見到他這副樣子,顧離琛立時松開了手,他的手臂無措地垂在身側,馬上軟了語氣,“對不起師尊,徒兒只是想幫你......”

顧靈翰卻立刻轉身,向後走去。

但還沒等他走遠,便覺得衣袖被人扯住了,他不用回頭便知道是怎麽回事。

顧離琛扯住了顧靈翰的衣袖,就像他小時候撒嬌那般,“師尊,別什麽事情都瞞著徒兒好嗎?徒兒也能幫您的......”

顧靈翰心中一軟,卻沒有回頭,他甩開徒弟的手,徑直朝著清平宮的方向走去,將離琛遠遠地甩在身後。

他不知道自己怎麽回事,想不通自己心中的思緒,不明白自己為什麽會心臟狂跳,這樣的情況讓他心裏發慌又讓他覺得十分丟臉。

或許又是因為被離琛握住手腕的時候,他才發現離琛的實力遠在自己之上,他竟然都不能掙脫對方的鉗制。

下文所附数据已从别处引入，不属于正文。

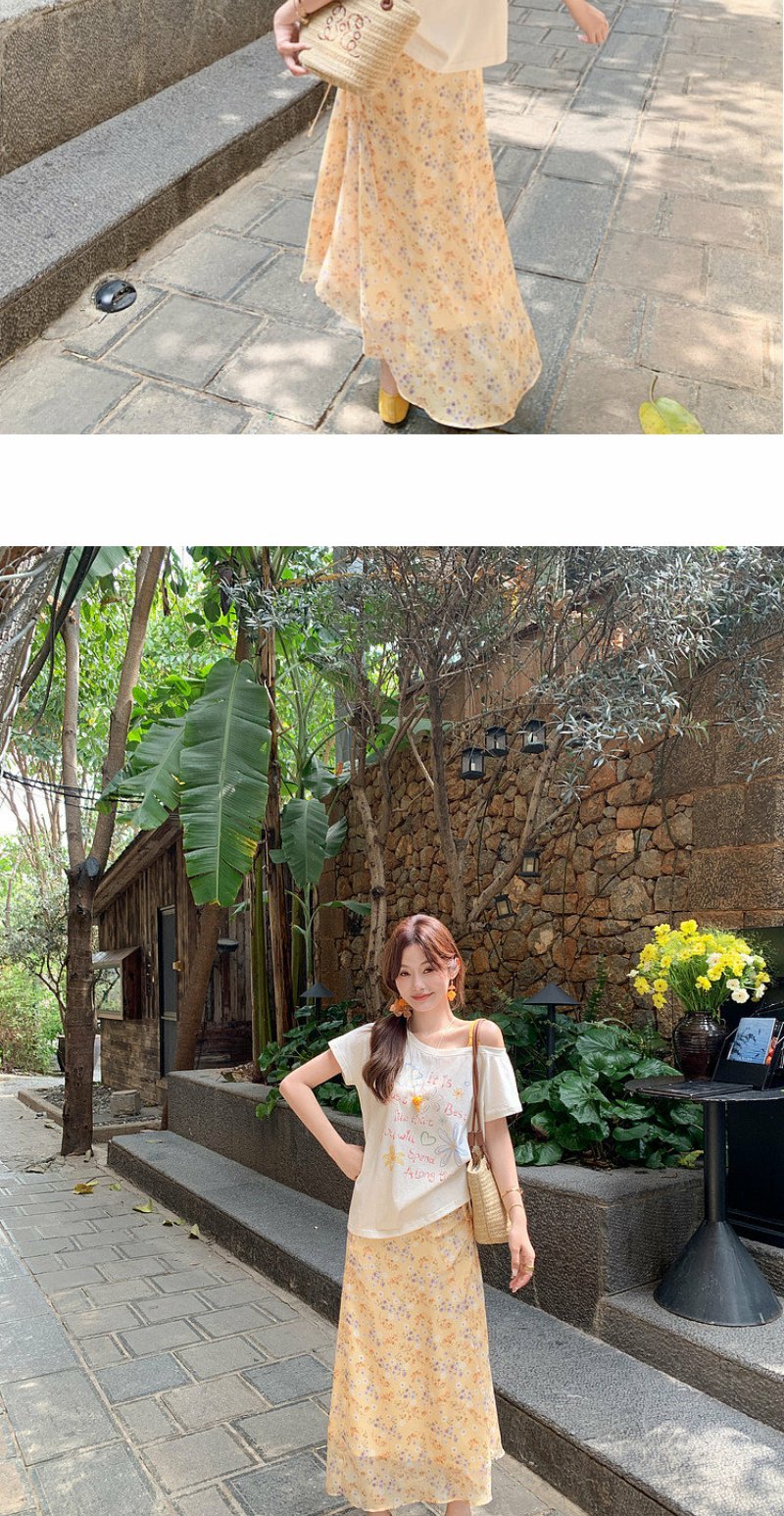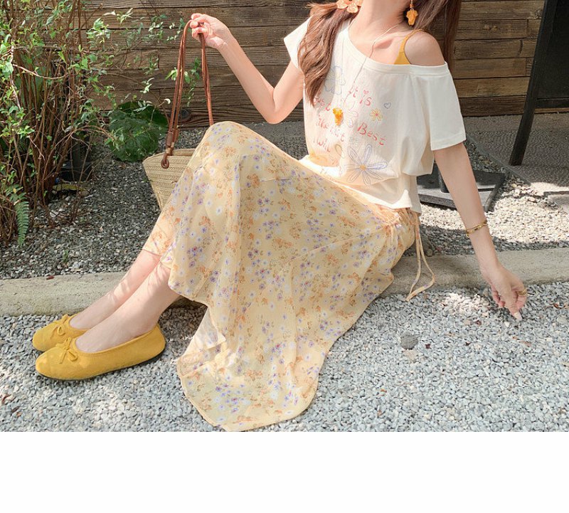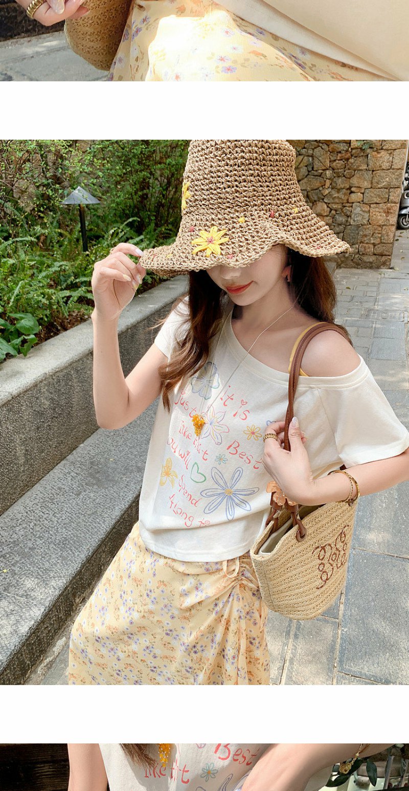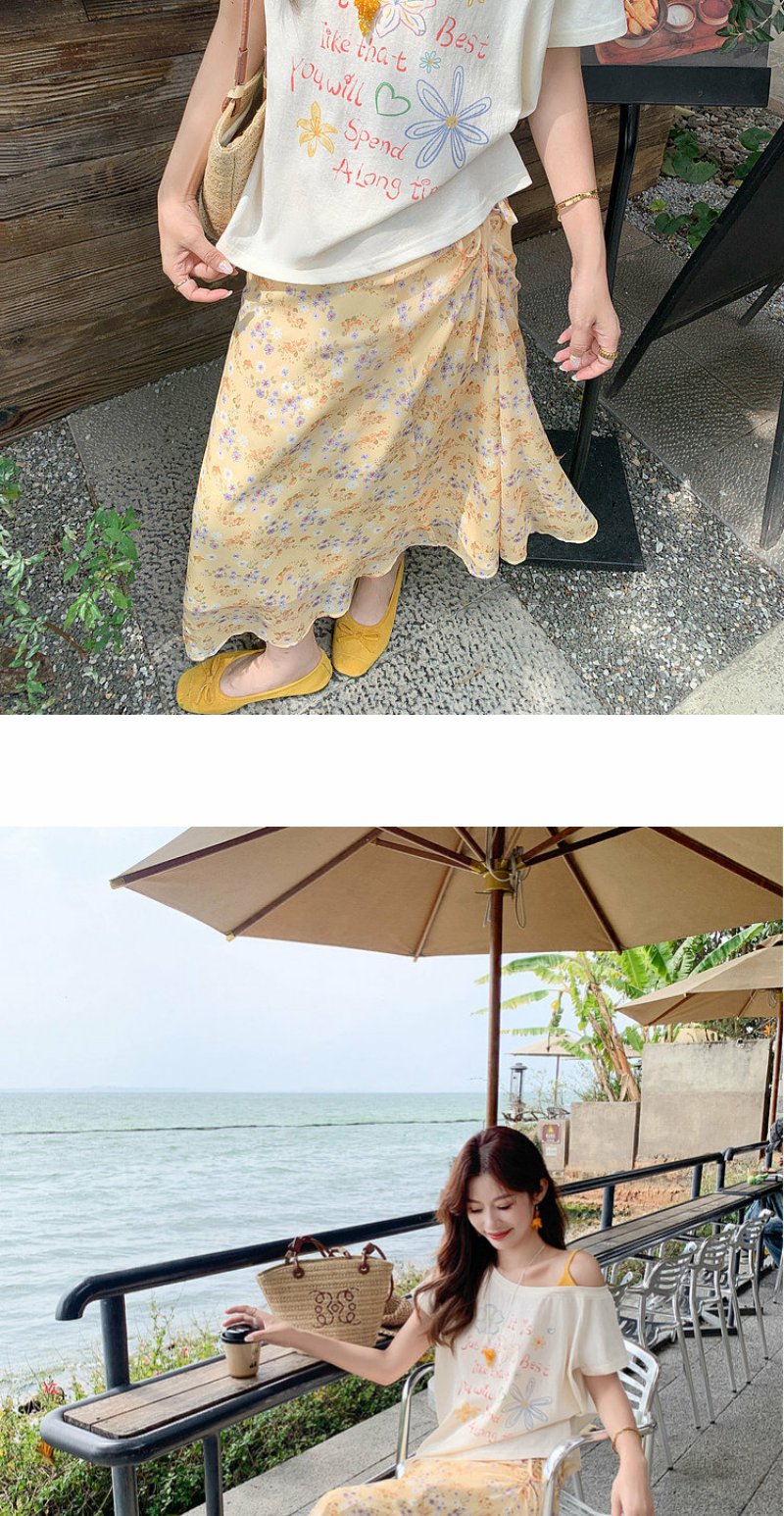 <曾小咸推荐>斜肩印花薄款罩衫T恤短袖【预售7-15天发货】

顧靈翰本就覺得自己沒能好好照顧離琛,是個不夠格的師尊。

如今又意識到,自己現在的實力實在太弱,不僅抵不過離琛,甚至還要靠和對方共同修煉才能補充自身的靈力。

這樣的自己,真的配得上離琛的一聲師尊嗎?

心中湧上的種種覆雜的思緒,讓顧靈翰一時間不知道如何面對。

在他下意識地想逃避的時候,離琛卻步步緊逼,似乎想要一口氣將他的心撬開。

所以他只能擺出強硬的態度擺脫。

顧靈翰回到清平宮後,思緒漸漸冷靜了下來。

顧靈翰回憶起離琛最後說的那句話,他忽然想明白了,自己會覺得今天的離琛特別反常,就是因為離琛一直都在試探自己。

憑離琛聰明的程度,再加上又一直在和自己生活在一起,想看出後宮的端倪其實並不困難。

離琛的態度之所以會那麽咄咄逼人,大概也是因為想了解這其中到底是怎麽回事。

離琛的試探他並非不能理解。

但是雀族辛密關系天下雀族,並不是他一人憑著個人意願就能左右的。

顧靈翰擡起頭,無意中瞥向了禦案的方向。

禦案後面的墻上掛著一幅毛筆字,那是離琛第一次習字的成果,當時的顧靈翰萬萬沒想到,離琛第一次習字就能達到那樣的效果,掛在墻上後,前來議事的大臣們無一不衷心讚嘆過這副絕世罕見的墨寶。

他的腦子裏立時就冒出了離琛還未長大時那軟乎乎地,依戀自己的樣子。

顧靈翰忽然想起,自己那時因為後宮事忙,幾日未回過清平宮。待到他終於忙完後再回到寢宮時,小離琛臉上的喜悅蓋都蓋不住,隨後便迫不及待地向自己展示他寫的字。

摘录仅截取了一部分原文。